> **WHAT NEEDS TO BE DONE**:
Copy word for word the lines of the records below, beginning at the one with "在每年一度的论坛上,对年度创" and finishing at the one with "В конце поста", ends included, but none of the pictures.

> **SUPPLIED MATERIAL**:
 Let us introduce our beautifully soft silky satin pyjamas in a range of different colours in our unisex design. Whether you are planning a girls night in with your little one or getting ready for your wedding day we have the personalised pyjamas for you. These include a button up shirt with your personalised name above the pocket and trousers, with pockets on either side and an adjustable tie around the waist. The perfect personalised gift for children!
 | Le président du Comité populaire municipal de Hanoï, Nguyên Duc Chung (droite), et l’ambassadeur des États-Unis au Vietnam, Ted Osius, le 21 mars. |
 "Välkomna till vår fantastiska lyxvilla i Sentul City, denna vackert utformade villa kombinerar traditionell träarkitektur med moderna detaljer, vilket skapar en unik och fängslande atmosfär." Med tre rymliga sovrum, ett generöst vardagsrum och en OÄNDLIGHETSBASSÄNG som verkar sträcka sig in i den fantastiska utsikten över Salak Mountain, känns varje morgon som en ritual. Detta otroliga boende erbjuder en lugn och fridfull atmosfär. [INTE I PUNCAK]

--

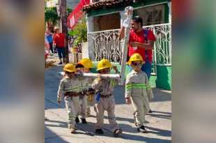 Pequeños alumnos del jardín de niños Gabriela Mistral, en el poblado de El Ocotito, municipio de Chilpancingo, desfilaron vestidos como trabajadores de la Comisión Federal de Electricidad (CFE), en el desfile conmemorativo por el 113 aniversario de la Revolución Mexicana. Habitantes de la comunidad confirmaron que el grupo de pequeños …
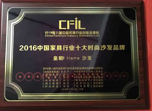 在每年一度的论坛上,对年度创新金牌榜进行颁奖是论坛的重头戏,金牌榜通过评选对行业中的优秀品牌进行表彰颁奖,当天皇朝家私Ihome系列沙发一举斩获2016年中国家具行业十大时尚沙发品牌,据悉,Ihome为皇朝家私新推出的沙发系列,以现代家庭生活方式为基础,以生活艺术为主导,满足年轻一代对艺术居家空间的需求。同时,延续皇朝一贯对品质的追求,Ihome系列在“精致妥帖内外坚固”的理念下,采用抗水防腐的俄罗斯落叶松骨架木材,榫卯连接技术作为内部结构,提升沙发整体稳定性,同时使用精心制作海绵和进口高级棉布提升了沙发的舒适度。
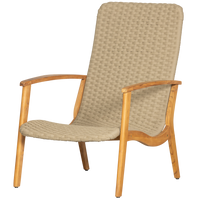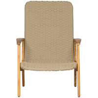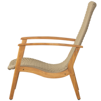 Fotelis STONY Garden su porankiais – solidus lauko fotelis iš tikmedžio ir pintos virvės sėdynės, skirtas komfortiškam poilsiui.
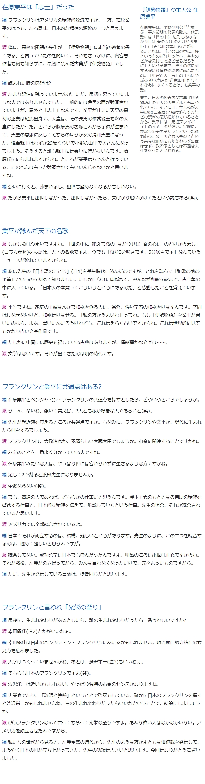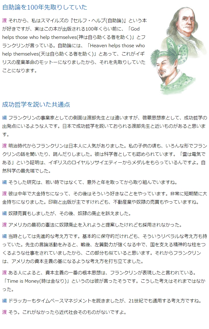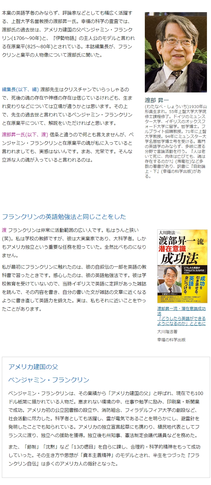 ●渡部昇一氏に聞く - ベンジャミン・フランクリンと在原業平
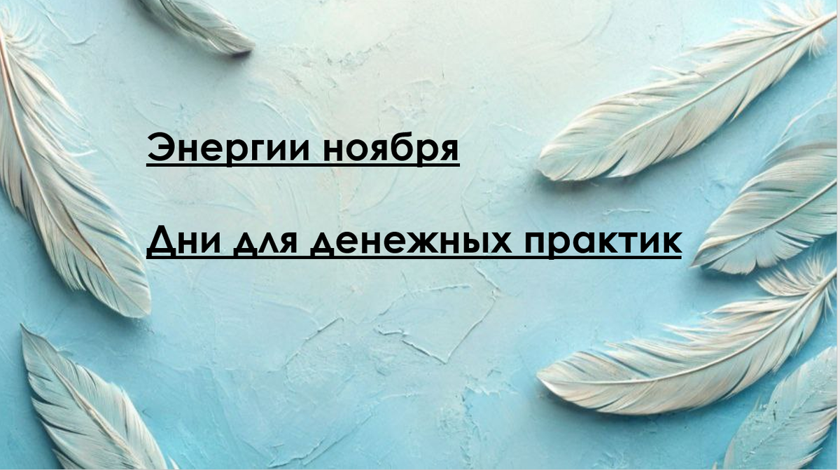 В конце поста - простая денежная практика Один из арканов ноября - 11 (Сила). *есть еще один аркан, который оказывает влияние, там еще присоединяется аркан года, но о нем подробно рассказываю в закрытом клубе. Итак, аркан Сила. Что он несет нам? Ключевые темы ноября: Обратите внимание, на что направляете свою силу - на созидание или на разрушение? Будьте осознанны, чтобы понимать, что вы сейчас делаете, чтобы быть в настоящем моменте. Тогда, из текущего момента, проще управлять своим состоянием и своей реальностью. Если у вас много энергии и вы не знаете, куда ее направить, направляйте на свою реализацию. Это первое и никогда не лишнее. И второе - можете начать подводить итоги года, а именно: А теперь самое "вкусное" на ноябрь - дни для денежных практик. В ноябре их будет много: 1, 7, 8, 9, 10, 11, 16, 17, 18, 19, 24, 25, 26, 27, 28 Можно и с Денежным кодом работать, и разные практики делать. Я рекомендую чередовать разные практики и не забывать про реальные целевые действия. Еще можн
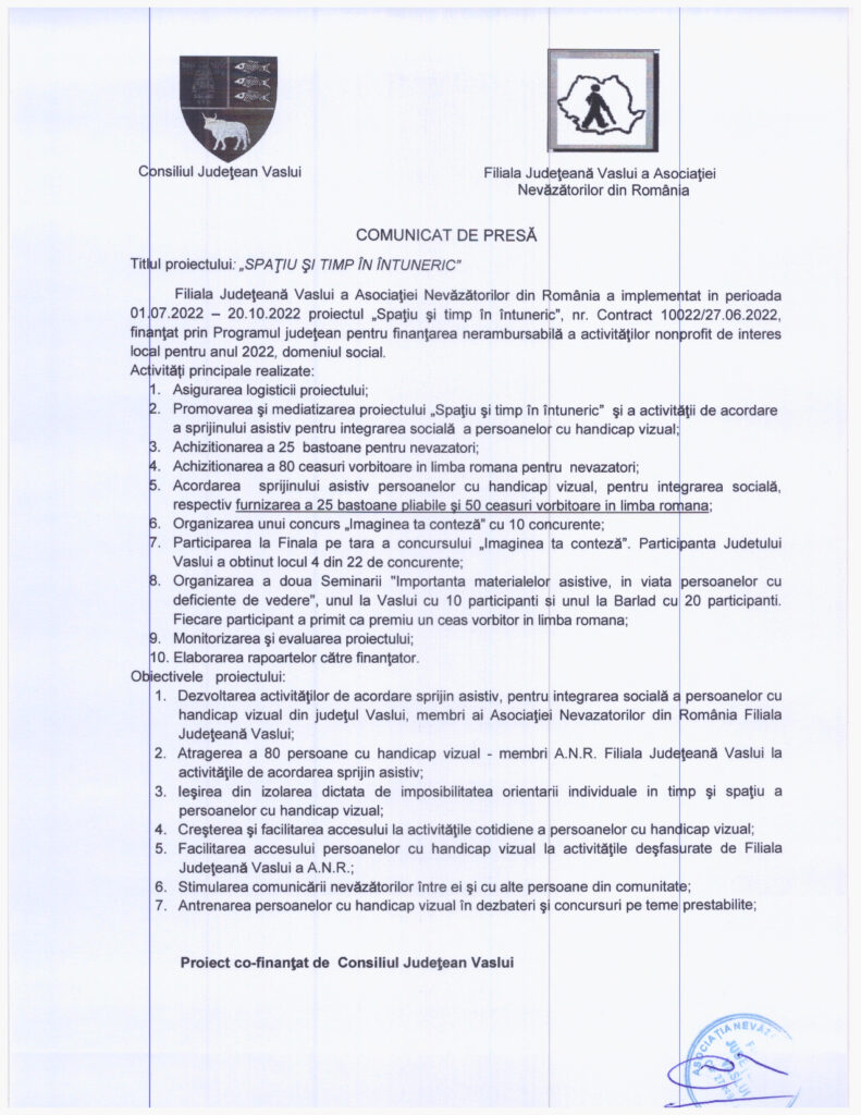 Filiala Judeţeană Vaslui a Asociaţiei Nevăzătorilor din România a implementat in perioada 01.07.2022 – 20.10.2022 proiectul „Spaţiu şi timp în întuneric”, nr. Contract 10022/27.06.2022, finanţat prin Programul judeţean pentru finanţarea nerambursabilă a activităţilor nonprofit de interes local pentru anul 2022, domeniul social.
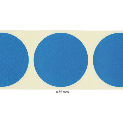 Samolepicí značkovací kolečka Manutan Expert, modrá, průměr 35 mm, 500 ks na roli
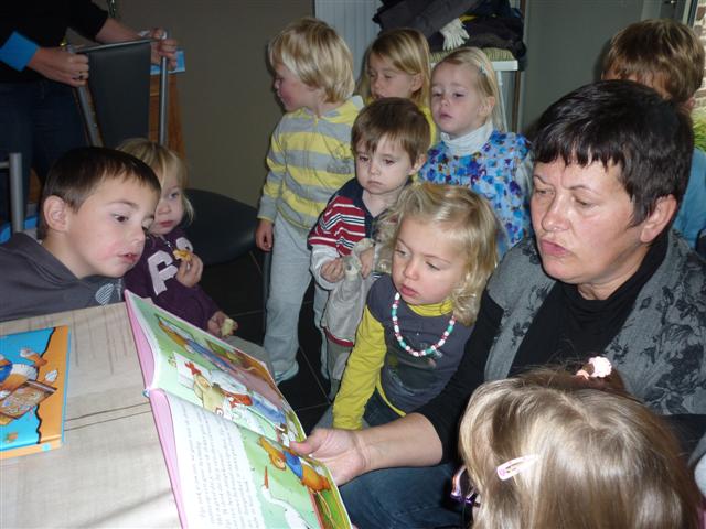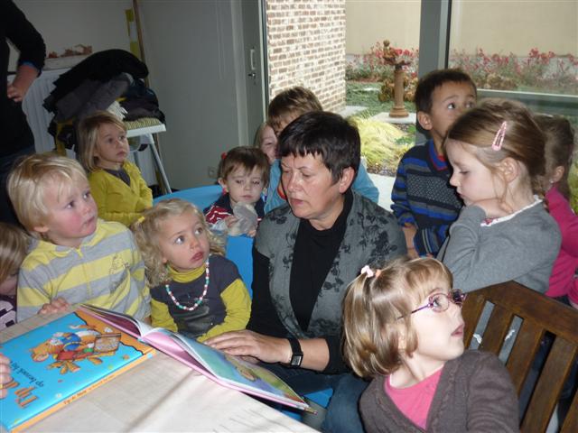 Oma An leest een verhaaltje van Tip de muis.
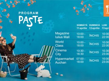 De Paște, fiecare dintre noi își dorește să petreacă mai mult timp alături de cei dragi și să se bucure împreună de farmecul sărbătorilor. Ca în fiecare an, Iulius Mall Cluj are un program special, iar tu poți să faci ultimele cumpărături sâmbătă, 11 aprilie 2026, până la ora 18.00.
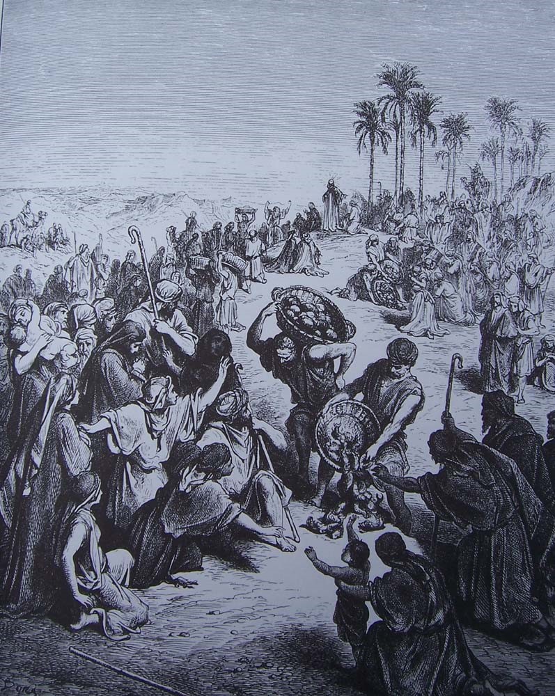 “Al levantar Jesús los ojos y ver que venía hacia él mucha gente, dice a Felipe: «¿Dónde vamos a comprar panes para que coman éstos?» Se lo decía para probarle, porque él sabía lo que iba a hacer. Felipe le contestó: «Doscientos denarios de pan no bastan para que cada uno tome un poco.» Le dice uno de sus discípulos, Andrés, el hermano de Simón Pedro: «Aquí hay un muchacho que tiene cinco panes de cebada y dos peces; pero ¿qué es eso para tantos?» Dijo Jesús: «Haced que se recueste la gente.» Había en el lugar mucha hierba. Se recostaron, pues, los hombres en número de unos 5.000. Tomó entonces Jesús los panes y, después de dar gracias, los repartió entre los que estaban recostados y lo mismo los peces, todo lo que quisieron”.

* * *

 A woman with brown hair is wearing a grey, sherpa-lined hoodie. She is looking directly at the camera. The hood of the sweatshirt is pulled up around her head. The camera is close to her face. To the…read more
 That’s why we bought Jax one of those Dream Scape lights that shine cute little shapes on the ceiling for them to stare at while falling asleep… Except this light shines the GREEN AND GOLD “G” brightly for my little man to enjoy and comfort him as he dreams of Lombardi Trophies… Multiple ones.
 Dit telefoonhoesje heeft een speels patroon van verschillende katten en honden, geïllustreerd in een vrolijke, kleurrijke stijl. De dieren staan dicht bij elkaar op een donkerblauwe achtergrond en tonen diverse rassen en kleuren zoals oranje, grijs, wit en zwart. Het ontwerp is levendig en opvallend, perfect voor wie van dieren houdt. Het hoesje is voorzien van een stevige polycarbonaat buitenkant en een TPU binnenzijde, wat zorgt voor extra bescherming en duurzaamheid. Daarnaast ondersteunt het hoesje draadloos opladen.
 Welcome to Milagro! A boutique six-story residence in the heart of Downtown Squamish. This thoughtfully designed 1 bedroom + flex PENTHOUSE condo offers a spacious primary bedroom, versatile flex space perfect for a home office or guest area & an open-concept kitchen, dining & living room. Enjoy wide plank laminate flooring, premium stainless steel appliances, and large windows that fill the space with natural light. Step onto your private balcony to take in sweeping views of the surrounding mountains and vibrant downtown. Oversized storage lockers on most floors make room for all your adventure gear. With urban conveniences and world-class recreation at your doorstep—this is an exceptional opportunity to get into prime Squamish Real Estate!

> **RESULT FOR THIS EXERCISE**:
 在每年一度的论坛上,对年度创新金牌榜进行颁奖是论坛的重头戏,金牌榜通过评选对行业中的优秀品牌进行表彰颁奖,当天皇朝家私Ihome系列沙发一举斩获2016年中国家具行业十大时尚沙发品牌,据悉,Ihome为皇朝家私新推出的沙发系列,以现代家庭生活方式为基础,以生活艺术为主导,满足年轻一代对艺术居家空间的需求。同时,延续皇朝一贯对品质的追求,Ihome系列在“精致妥帖内外坚固”的理念下,采用抗水防腐的俄罗斯落叶松骨架木材,榫卯连接技术作为内部结构,提升沙发整体稳定性,同时使用精心制作海绵和进口高级棉布提升了沙发的舒适度。
 Fotelis STONY Garden su porankiais – solidus lauko fotelis iš tikmedžio ir pintos virvės sėdynės, skirtas komfortiškam poilsiui.
 ●渡部昇一氏に聞く - ベンジャミン・フランクリンと在原業平
 В конце поста - простая денежная практика Один из арканов ноября - 11 (Сила). *есть еще один аркан, который оказывает влияние, там еще присоединяется аркан года, но о нем подробно рассказываю в закрытом клубе. Итак, аркан Сила. Что он несет нам? Ключевые темы ноября: Обратите внимание, на что направляете свою силу - на созидание или на разрушение? Будьте осознанны, чтобы понимать, что вы сейчас делаете, чтобы быть в настоящем моменте. Тогда, из текущего момента, проще управлять своим состоянием и своей реальностью. Если у вас много энергии и вы не знаете, куда ее направить, направляйте на свою реализацию. Это первое и никогда не лишнее. И второе - можете начать подводить итоги года, а именно: А теперь самое "вкусное" на ноябрь - дни для денежных практик. В ноябре их будет много: 1, 7, 8, 9, 10, 11, 16, 17, 18, 19, 24, 25, 26, 27, 28 Можно и с Денежным кодом работать, и разные практики делать. Я рекомендую чередовать разные практики и не забывать про реальные целевые действия. Еще можн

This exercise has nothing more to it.